Thillard et al. extend the notion of confusion coefficients to the setting of correlation differential power analysis (DPA), in which multiple bits are targeted by combining them in a power model leakage function (e.g. the Hamming weight or Hamming distance of intermediate values). Their proposal necessarily depends on the form of leakage and the strong assumption that the attacker knows this form of the leakage. This means that they don’t quite achieve the goal of Fei et al.’s original notion of confusion coefficients, which was to capture the impact of algebraic properties on DPA, independent of the physical implementation. Having defined correlation confusion coefficients, they combine the notion with Rivain's work on exact success rates – that is, they express the success rate as a function of the correlation confusion coefficients.

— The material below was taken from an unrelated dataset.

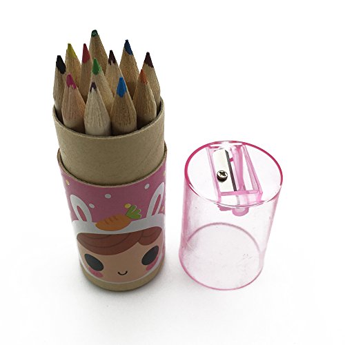 Mziart Mini Wooden Colored Pencils/ Drawing Pencils for Kids (Set of 12 Assorted Colors + 1 Sharpener, 3.5” Length, Pink Lid)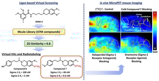Chemical fingerprinting methods identify possible hits by conducting a structural similarity score, which is calculated by comparing the 2-D and/or 3-D “fingerprints” of the screening compounds to those present in the reference compound(s) [90,91]. Two-dimensional fingerprints are vector representations of molecules and come in different varieties but are ultimately based on substructures. Morgan fingerprints are the most commonly used, but Daylight, MACCS, and Topological fingerprints are also commonly used 2-D representations that are easily computable with the Python library RDKIT [91]. Vector representations of molecules allow for easily computable quantitative measures of similarity. The most commonly used metric is called the Tanimoto similarity, which is a quantity bounded between 0 and 1 [92,93]. Three-dimensional fingerprints differ from 2-D fingerprints only in that the substructure search procedure is not limited to the 2-D representation of the molecule but uses a shell radius on a low-energy 3-D conformer of the molecule to produce the vector representation. Kim et al. used a selective compound, RHM-4, for sigma-2 receptors as the reference compound for 2-D fingerprint similarity screening and identified multiple virtual hits that had binding affinities in nanomolar range for the sigma-2 receptor [3] (Figure 4). The top two virtual hits had sub-nanomolar binding affinities for the sigma-2 receptor and 20- to 80-fold selectivity over sigma-1 receptors. The two lead compounds were radiolabeled with carbon-11, and in vivo microPET imaging studies demonstrated high specific binding to sigma-2 receptors in a mouse brain (Figure 4).

They wish to investigate the stability of a key guess (to encourage confidence) - intuitively if a subkey is ranked top after n trace measurements and also after n+1, n+2, n+3 traces and so on, it's more likely to be correct than if the ranking fluctuates. Helpfully, the authors consider the evolution of the attack giving a matrix of outcomes at selected intervals as the number of traces increases, and they allow for strategies which need not output a subkey guess at all (e.g., in the case that no stable ‘winner’ emerges). They advocate selection strategies which trade off better quality guesses for more missing values (implying more brute-force searching after the side-channel phase of the attack). The confidence metric they propose for a selection strategy is the probability that it returns the correct key, divided by the total probability of it returning any guess. It can be computed by concatenating distinguishing vectors at different points in time (the resulting vector is again treated as a multivariate normal distribution). Taking more of the attack evolution into account increases the confidence of a subkey guess but also the frequency with which the attack fails to return a subkey. The authors also consider different types of selection rules, and how to deal with the inevitable false positives.
Another recent paper by Veyrat-Charvillon et al. at SAC2012 [paper] provides a method of assigning probabilities to subkeys and enumerating over the most likely global keys until the correct key is found, or the attack reaches the computational limits of the attacker. This is clearly related in its aims, but it seems that there is work remaining to be done to bridge the gap between the two papers. This continued work on SCA is taking into account the purpose of device evaluation by trying to represent true capabilities of realistic adversaries; however when this is not possible it is still useful to start at some idealised scenario, and work from there.